** Supplied data follows **

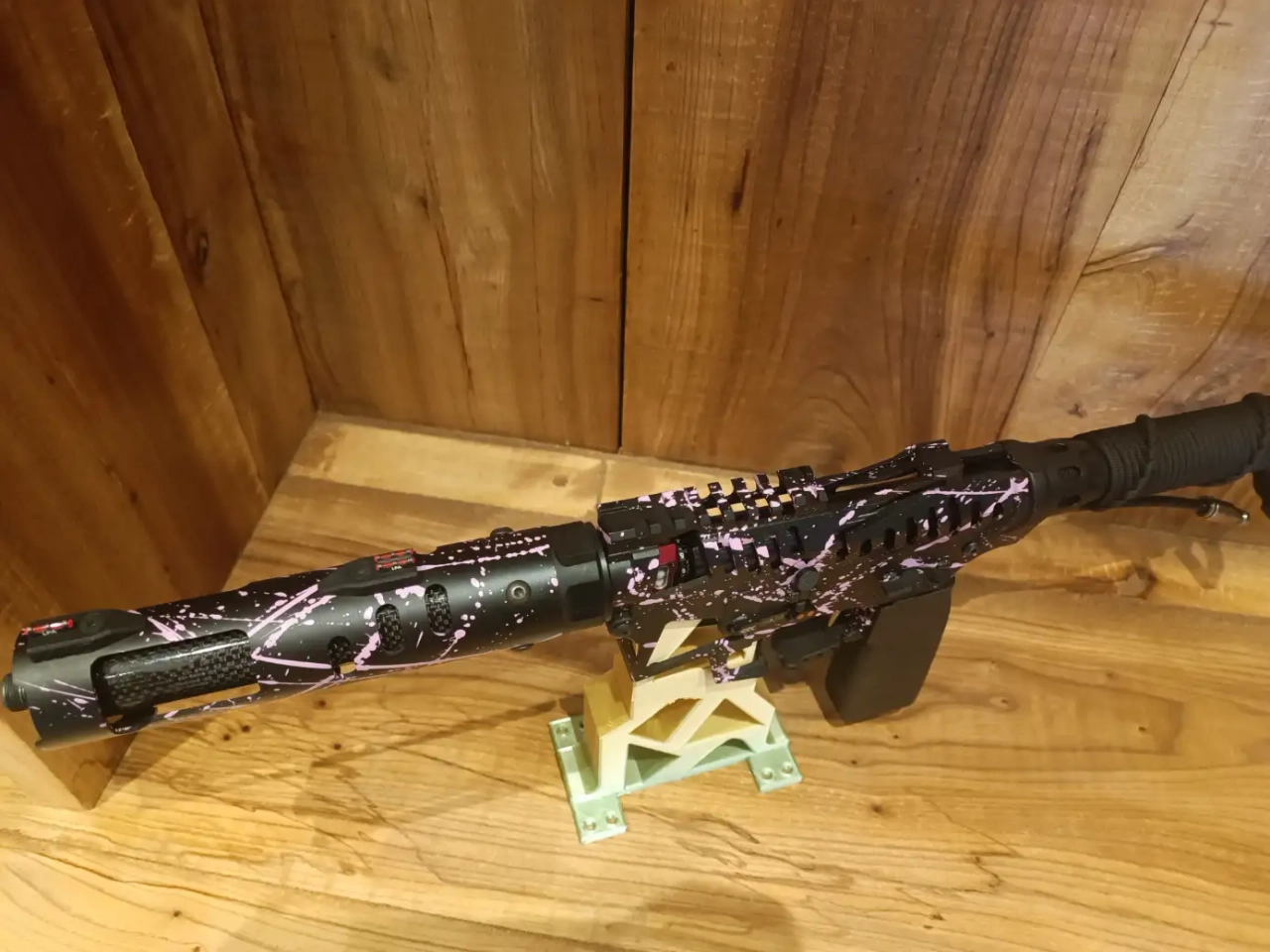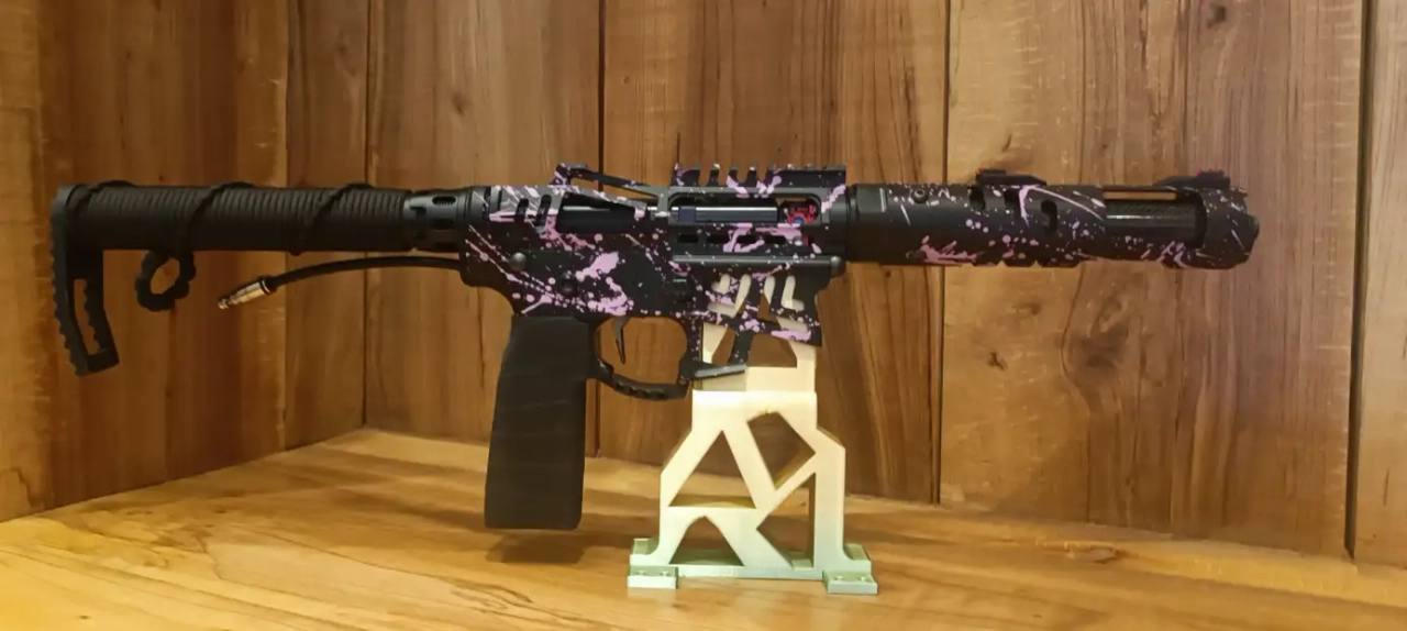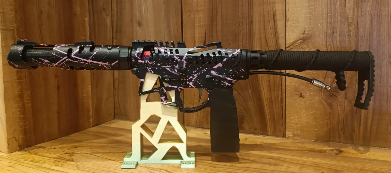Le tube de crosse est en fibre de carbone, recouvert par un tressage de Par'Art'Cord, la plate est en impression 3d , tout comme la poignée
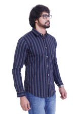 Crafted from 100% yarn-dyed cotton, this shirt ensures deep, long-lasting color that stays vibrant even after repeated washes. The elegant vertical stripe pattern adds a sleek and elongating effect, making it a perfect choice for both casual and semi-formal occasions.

** End of Supplied data **
** Supplied data follows **

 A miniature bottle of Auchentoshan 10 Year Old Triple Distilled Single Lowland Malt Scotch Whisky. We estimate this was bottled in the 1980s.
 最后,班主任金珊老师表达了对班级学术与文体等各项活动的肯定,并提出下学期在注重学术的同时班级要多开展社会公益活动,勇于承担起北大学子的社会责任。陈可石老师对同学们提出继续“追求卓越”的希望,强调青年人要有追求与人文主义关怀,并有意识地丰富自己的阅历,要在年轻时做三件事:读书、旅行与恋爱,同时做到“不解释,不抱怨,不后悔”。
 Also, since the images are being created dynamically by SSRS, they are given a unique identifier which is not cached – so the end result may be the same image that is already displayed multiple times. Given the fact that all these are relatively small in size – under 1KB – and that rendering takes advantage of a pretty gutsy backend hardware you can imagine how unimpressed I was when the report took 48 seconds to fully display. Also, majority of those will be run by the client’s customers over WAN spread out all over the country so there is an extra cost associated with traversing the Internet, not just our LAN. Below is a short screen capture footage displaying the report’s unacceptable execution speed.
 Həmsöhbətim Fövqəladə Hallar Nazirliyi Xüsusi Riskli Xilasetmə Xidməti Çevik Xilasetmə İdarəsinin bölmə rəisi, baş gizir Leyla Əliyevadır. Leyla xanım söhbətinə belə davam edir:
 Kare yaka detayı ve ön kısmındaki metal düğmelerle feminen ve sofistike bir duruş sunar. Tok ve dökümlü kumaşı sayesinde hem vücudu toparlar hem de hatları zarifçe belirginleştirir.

** End of Supplied data **
** Supplied data follows **

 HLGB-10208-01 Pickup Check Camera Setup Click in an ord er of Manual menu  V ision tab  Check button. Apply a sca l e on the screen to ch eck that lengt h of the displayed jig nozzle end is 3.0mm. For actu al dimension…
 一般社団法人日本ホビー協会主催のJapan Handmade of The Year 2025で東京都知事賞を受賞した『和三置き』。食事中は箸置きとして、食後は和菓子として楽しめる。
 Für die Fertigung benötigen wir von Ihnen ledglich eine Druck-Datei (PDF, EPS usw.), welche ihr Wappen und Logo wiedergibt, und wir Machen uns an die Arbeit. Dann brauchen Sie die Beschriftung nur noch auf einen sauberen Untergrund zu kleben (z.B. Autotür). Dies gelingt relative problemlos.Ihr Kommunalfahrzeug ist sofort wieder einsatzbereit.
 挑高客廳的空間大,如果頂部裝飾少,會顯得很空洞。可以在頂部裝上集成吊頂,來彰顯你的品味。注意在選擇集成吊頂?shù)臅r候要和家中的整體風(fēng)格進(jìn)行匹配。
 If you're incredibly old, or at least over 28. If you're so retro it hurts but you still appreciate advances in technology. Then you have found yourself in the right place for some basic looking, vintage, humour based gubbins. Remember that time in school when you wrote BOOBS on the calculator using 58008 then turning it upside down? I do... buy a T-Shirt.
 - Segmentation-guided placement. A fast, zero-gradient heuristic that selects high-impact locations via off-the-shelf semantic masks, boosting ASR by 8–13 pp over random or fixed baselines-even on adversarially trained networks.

** End of Supplied data **

**What you are asked to do**. From the entries above, pull out each line that includes "Year".

**Reply**.
 A miniature bottle of Auchentoshan 10 Year Old Triple Distilled Single Lowland Malt Scotch Whisky. We estimate this was bottled in the 1980s.
 一般社団法人日本ホビー協会主催のJapan Handmade of The Year 2025で東京都知事賞を受賞した『和三置き』。食事中は箸置きとして、食後は和菓子として楽しめる。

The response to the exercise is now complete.